AIM OF THE EXERCISE – Across all the records, filter for lines with the word "will" and copy them.

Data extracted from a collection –

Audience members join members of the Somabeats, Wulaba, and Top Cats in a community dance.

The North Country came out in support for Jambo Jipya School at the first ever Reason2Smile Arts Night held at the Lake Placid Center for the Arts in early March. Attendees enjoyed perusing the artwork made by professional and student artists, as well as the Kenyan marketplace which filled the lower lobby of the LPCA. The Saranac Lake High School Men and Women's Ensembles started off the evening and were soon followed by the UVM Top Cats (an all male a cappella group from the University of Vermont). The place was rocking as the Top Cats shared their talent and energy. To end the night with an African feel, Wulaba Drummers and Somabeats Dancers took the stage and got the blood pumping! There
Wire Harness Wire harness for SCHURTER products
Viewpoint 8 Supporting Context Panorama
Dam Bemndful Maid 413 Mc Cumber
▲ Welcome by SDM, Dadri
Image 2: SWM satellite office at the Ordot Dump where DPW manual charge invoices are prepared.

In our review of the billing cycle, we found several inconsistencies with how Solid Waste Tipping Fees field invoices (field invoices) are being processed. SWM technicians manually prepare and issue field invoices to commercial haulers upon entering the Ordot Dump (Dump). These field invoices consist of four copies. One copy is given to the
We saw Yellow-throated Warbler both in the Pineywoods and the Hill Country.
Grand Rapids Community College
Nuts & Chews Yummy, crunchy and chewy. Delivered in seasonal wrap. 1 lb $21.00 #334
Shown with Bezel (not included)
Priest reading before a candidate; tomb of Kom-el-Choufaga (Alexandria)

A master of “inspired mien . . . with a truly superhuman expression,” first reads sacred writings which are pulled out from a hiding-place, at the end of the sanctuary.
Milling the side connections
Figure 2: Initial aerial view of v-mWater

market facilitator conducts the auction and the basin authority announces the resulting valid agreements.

---

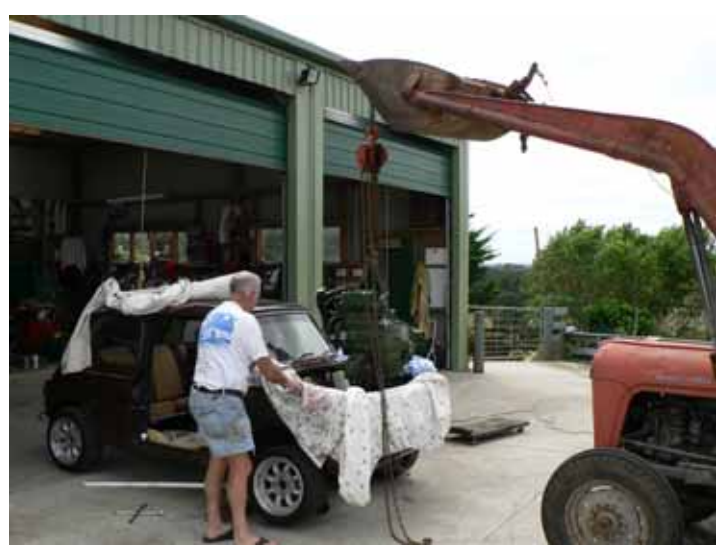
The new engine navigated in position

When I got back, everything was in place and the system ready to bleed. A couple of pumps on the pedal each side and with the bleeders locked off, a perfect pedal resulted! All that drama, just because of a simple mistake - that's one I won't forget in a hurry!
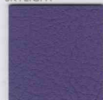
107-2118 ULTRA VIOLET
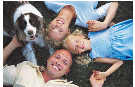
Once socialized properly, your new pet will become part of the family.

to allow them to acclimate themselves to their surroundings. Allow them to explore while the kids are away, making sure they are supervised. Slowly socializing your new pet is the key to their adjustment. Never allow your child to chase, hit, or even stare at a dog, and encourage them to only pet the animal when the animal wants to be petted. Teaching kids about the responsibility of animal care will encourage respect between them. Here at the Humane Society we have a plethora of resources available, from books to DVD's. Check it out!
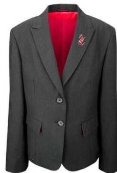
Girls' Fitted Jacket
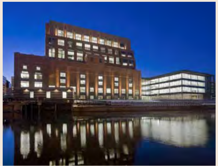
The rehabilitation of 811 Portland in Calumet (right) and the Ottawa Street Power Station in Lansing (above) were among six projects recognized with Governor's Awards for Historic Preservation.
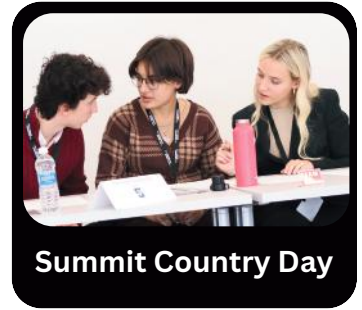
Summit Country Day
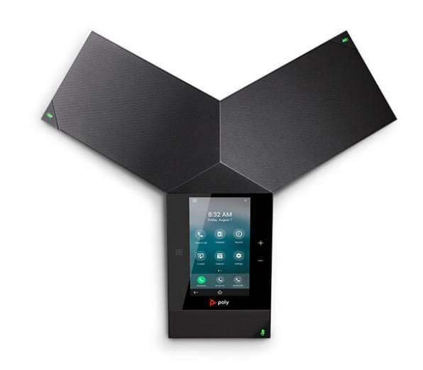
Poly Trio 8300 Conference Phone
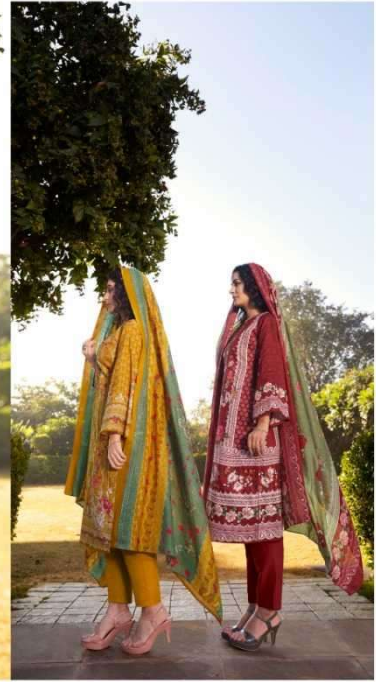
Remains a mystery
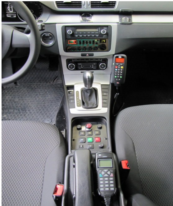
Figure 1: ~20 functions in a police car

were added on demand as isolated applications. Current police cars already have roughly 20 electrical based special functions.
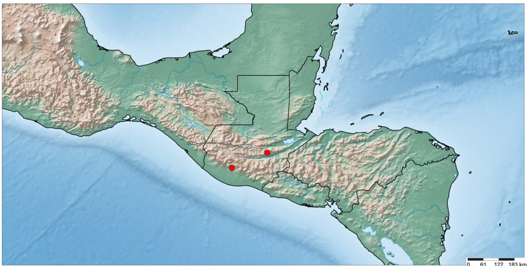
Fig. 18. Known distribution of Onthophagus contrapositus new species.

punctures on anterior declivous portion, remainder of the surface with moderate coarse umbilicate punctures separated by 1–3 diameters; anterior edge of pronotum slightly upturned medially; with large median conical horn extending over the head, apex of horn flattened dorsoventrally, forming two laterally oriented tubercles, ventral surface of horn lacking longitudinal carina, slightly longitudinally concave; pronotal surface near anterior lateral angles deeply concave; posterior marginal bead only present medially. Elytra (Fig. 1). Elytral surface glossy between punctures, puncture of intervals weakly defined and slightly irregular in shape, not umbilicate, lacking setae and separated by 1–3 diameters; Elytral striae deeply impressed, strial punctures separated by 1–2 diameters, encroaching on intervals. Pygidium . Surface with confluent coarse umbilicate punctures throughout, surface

ANSWER SPACE –
Once socialized properly, your new pet will become part of the family.
to allow them to acclimate themselves to their surroundings. Allow them to explore while the kids are away, making sure they are supervised. Slowly socializing your new pet is the key to their adjustment. Never allow your child to chase, hit, or even stare at a dog, and encourage them to only pet the animal when the animal wants to be petted. Teaching kids about the responsibility of animal care will encourage respect between them. Here at the Humane Society we have a plethora of resources available, from books to DVD's. Check it out!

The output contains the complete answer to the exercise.